21. The logic analyzer data retrieving method as claimed in claim 19, further comprising a step of sampling clock input only during the period of a clock enable signal.

22. The logic analyzer data retrieving method as claimed in claim 21, wherein an output of said clock enable signal is low when said first counter starts counting, and the output of said clock enable signal is high when said first counter counted until said default value is reached.

23. A logic analyzer data retrieving method used in a logic analyzer comprising a control unit and a time delay circuit, wherein said control circuit comprises a memory and a second counter, and said time delay circuit comprises a first counter and a buffer, the method comprising the steps of:

presetting at least a clock qualifier signal based on a specific parameter;

triggering a present of said second counter, in response to said first counter counting reaching said delay default value, to start counting until the preset of the first counter is triggered again, and wherein counting value of said second counter is stored in said memory unit when said second counter stops counting and then displaying the value on a display screen.

24. The logic analyzer data retrieving method as claimed in claim 23, further comprising a step of sampling clock input only during the period of a clock enable signal.

25. The logic analyzer data retrieving method as claimed in claim 24, wherein an output of said clock enable signal is low when said first counter starts counting, and the output of said clock enable signal is high when said first counter counted until said default value is reached.

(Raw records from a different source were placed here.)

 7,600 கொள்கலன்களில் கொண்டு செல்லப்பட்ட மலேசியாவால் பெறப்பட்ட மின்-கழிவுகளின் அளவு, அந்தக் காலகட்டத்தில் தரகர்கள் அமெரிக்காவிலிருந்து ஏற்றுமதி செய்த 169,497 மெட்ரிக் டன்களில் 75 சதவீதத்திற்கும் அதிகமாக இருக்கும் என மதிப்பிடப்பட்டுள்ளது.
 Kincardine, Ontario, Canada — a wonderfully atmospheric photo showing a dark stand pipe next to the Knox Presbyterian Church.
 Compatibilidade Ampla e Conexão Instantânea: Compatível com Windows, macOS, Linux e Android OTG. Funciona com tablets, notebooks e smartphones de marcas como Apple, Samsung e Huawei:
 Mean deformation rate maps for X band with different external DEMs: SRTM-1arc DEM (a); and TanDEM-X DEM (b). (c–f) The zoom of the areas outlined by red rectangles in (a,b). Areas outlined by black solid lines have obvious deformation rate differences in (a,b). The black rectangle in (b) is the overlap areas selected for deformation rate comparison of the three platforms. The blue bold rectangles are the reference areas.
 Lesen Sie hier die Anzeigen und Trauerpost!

26. A logic analyzer data retrieving circuit, comprising:

a control unit, comprising a memory and a second counter, adopted for capturing test data from a test sample electrically connected to the logic analyzer data retrieving circuit; and

a time delay circuit, comprising a first counter and a buffer, wherein said buffer is adopted for storing a time delay default value;

wherein at least a clock qualifier signal is preset in said logic analyzer data retrieving circuit based on a specific parameter,

wherein a preset of said first counter is triggered and said default value is transferred from said buffer to said first counter to drive said first counter to start counting in response to said clock qualifier signal until said delay default value is reached and test data from said test sample is continuously captured until said first counter counting reaches said delay default value, and

wherein a preset of said second counter is triggered when said first counter counting reaches said delay default value and starts counting until the present of the first counter is triggered again.

27. The logic analyzer data retrieving circuit as claimed in claim 26, wherein counting value of said second counter is stored in said memory unit when said second counter stops counting and then displaying the value on a display screen.

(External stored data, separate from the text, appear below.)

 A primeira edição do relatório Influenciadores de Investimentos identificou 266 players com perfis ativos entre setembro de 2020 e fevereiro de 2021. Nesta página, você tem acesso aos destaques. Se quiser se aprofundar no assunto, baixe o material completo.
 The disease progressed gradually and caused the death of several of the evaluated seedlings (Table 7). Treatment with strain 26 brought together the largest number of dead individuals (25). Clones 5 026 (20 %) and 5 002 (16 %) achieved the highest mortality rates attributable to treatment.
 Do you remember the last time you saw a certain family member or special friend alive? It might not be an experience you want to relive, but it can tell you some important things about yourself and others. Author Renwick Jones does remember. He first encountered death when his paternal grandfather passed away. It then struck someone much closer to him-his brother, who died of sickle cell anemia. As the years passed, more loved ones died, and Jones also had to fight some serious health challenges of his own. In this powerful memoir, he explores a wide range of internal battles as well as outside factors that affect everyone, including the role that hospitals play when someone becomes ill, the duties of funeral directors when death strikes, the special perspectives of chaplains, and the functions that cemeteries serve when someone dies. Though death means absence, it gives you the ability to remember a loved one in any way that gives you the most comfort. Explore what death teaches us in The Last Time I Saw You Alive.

28. The logic analyzer data retrieving circuit as claimed in claim 26, further comprising a trigger assembly logic circuit capable of receiving multiple test signals from multiple test samples.

29. A logic analyzer data retrieving circuit comprising:

wherein a preset of said first counter is triggered and said default value is transferred from said buffer to said first counter to drive said first counter to start counting in response to said clock qualifier signal until said delay default value is reached and test data from said test sample is continuously captured until said first counter counting teaches said delay default value,

wherein a preset of said second counter is triggered when said first counter counting reaches said delay default value and starts counting until the preset of the first counter is triggered again, and

wherein counting value of aid second counter is stored in said memory unit when said second counter stops counting and then displaying the value on a display screen.

30. The logic analyzer data retrieving circuit as claimed in claim 29, wherein counting value of said second counter is stored in said memory unit when said second counter stops counting and then displaying the value on a display screen.

31. The logic analyzer data retrieving circuit as claimed in claim 29, further comprising a trigger assembly logic circuit capable of receiving multiple test signals from multiple test samples.